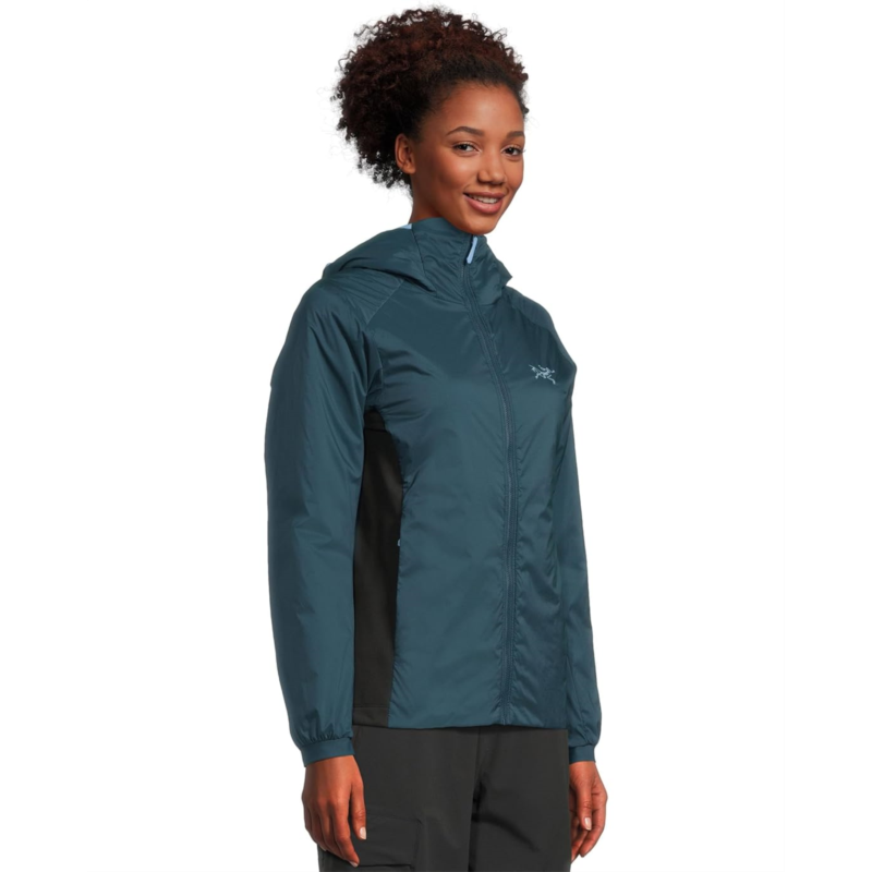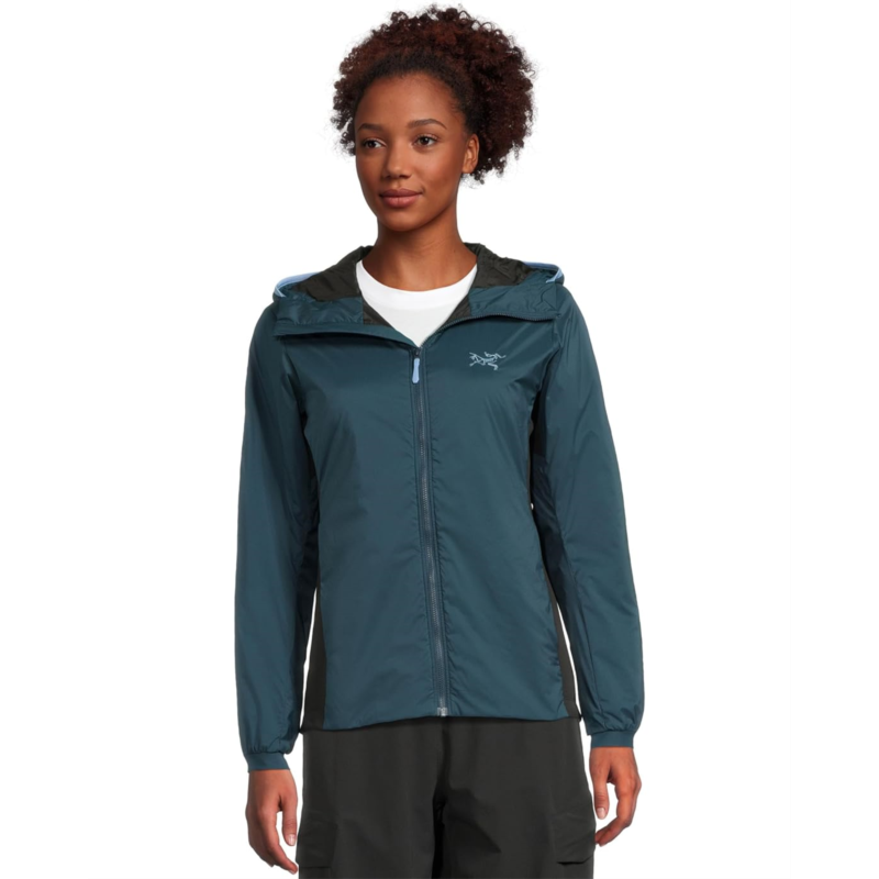 - Embrace the elements in the Arc''teryx Atom Hoodie, a versatile layer featuring Coreloft insulation for lightweight, breathable warmth even when wet. The Tyono 20 face fabric offers the perfect balance of wind protection and breathability, while the FC0 DWR finish keeps you dry without harmful chemicals. Designed for comfort and mobility, it includes stretch fleece side panels, an adjustable StormHood that provides warmth, and a recycled nylon liner. This packable jacket is finished with a No Slip Zip, secure zippered pockets, and easy-to-use thermoplastic polyurethane (TPU) zipper pulls.
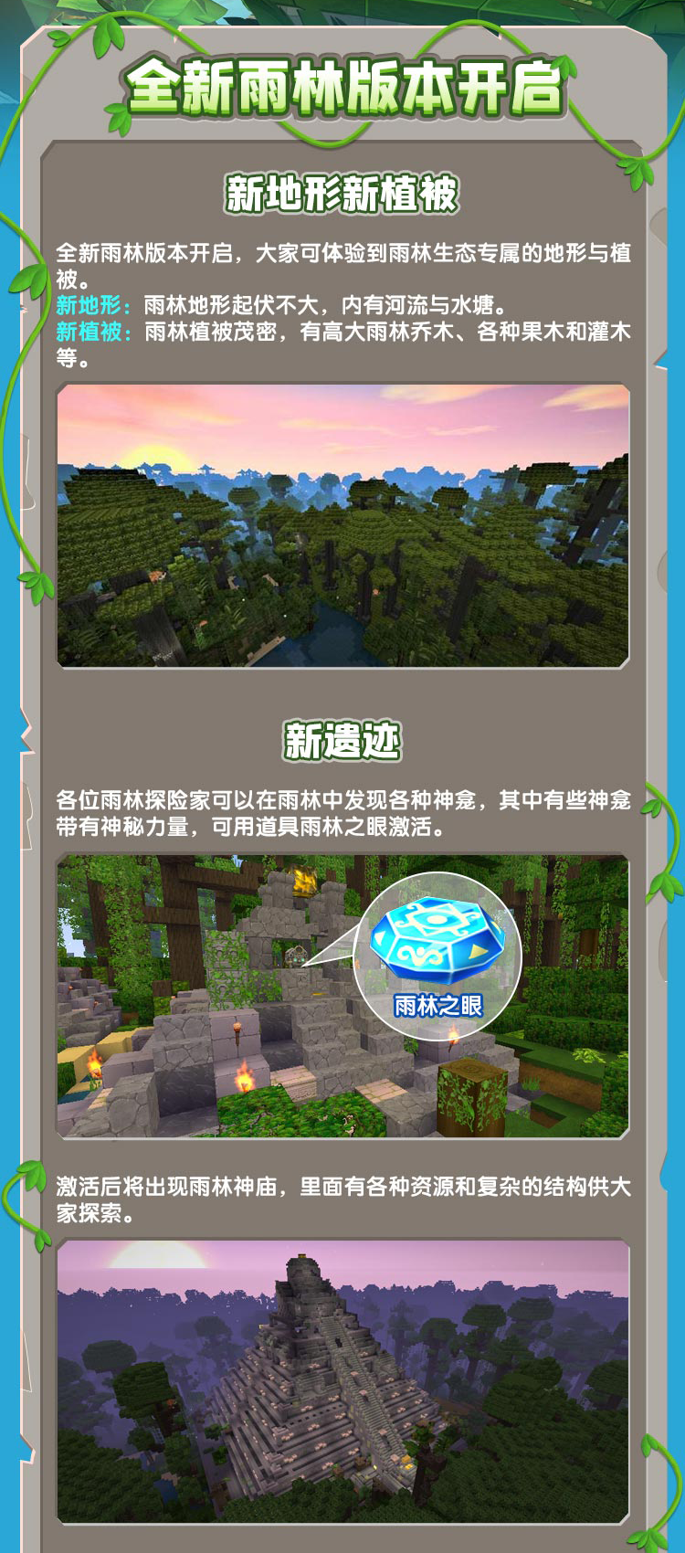 迷你世界正式服0.51.0更新公告。一直以来,《迷你世界》的创造者们在这片大陆上创造着一个又一个的奇迹。本次正式服更新了雨林版本,一起来看看吧!
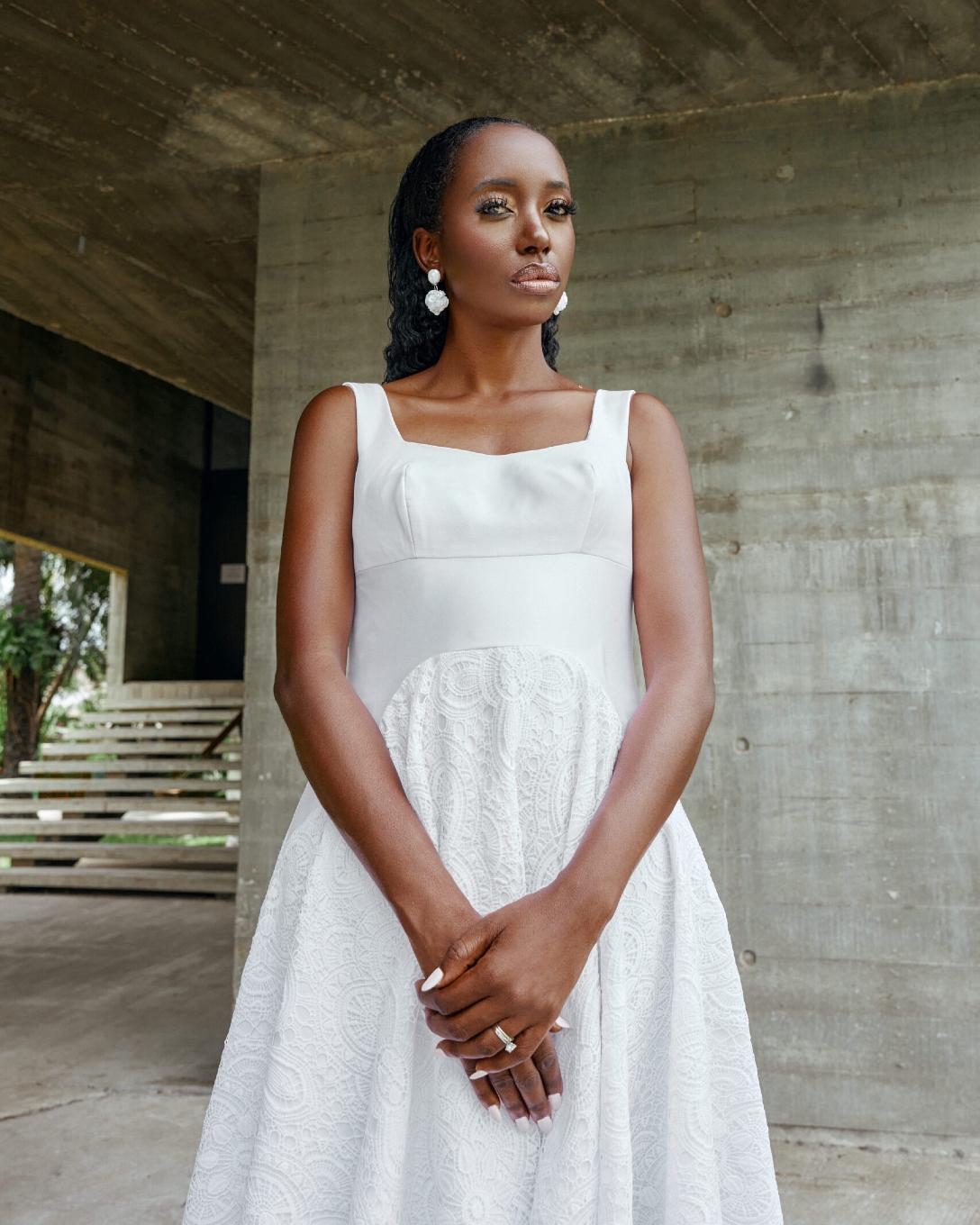 The structured sleeveless bodice of the hessi dress merges just at the right angle allowing the rich cotton lace bottom to flow with ease .
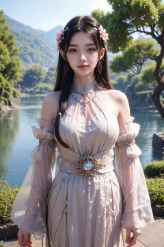 1girl,solo,pink,long hair,hair ornament,looking at viewer,detached sleeves,outdoors,(see-through:1.5),
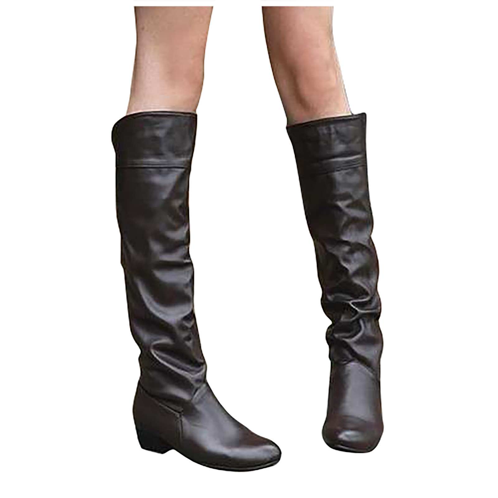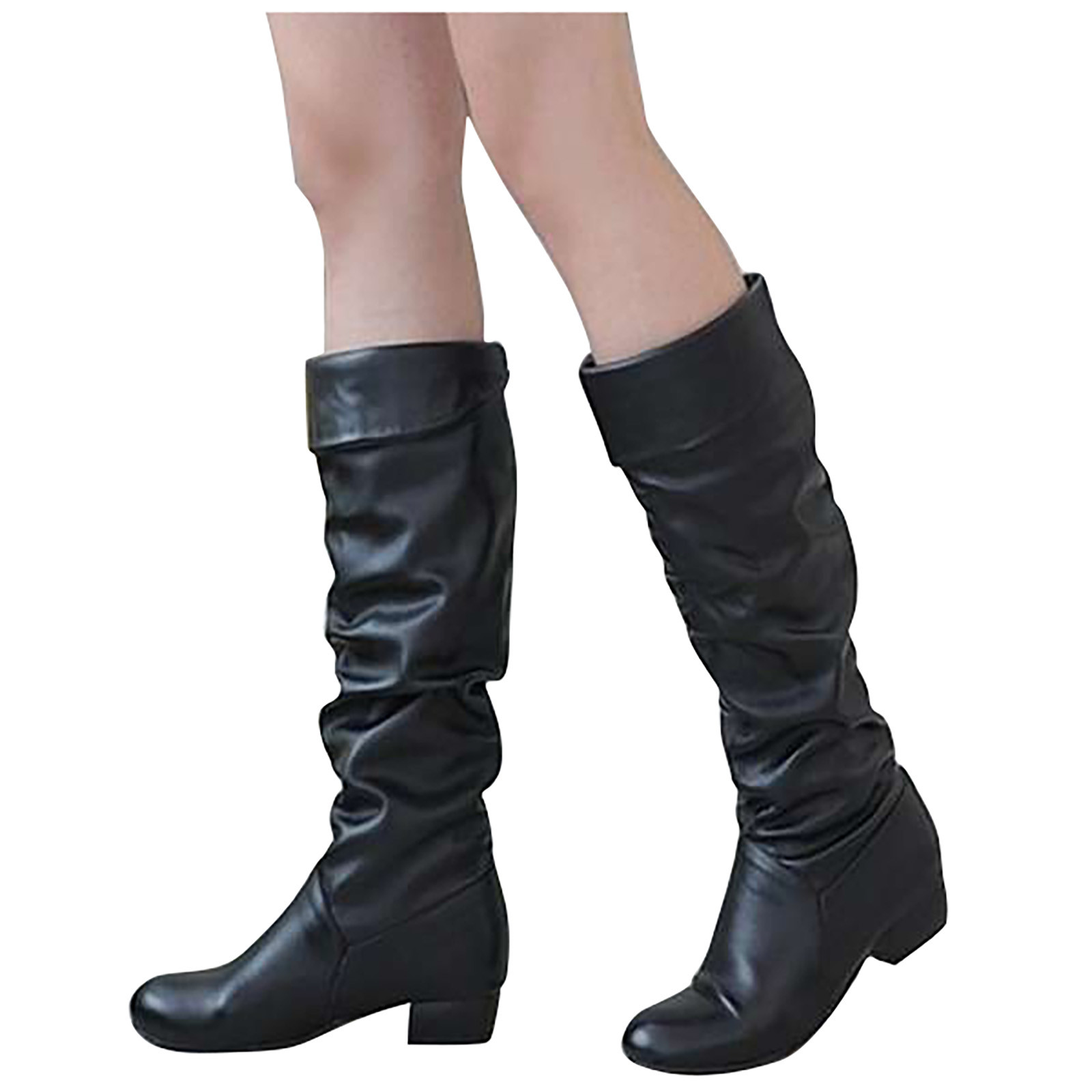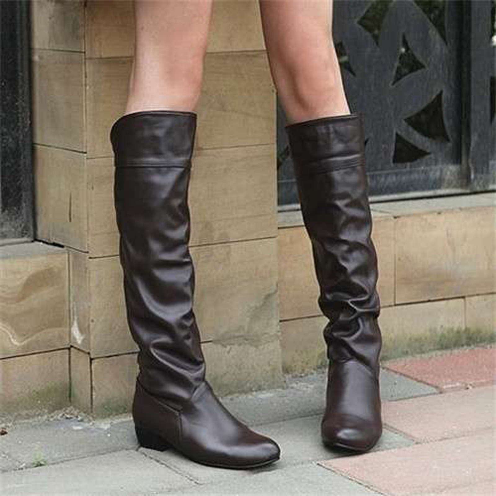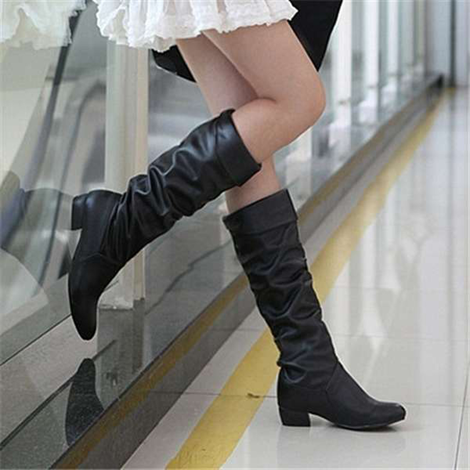 Женские зимние модные сапоги до колена; Высокие сапоги-трубы на плоской подошве; Сапоги для верховой езды

*What you need to do*
Reproduce every record in full. Leave out the images.

*Expected output*
 - Embrace the elements in the Arc''teryx Atom Hoodie, a versatile layer featuring Coreloft insulation for lightweight, breathable warmth even when wet. The Tyono 20 face fabric offers the perfect balance of wind protection and breathability, while the FC0 DWR finish keeps you dry without harmful chemicals. Designed for comfort and mobility, it includes stretch fleece side panels, an adjustable StormHood that provides warmth, and a recycled nylon liner. This packable jacket is finished with a No Slip Zip, secure zippered pockets, and easy-to-use thermoplastic polyurethane (TPU) zipper pulls.
 迷你世界正式服0.51.0更新公告。一直以来,《迷你世界》的创造者们在这片大陆上创造着一个又一个的奇迹。本次正式服更新了雨林版本,一起来看看吧!
 The structured sleeveless bodice of the hessi dress merges just at the right angle allowing the rich cotton lace bottom to flow with ease .
 1girl,solo,pink,long hair,hair ornament,looking at viewer,detached sleeves,outdoors,(see-through:1.5),
 Женские зимние модные сапоги до колена; Высокие сапоги-трубы на плоской подошве; Сапоги для верховой езды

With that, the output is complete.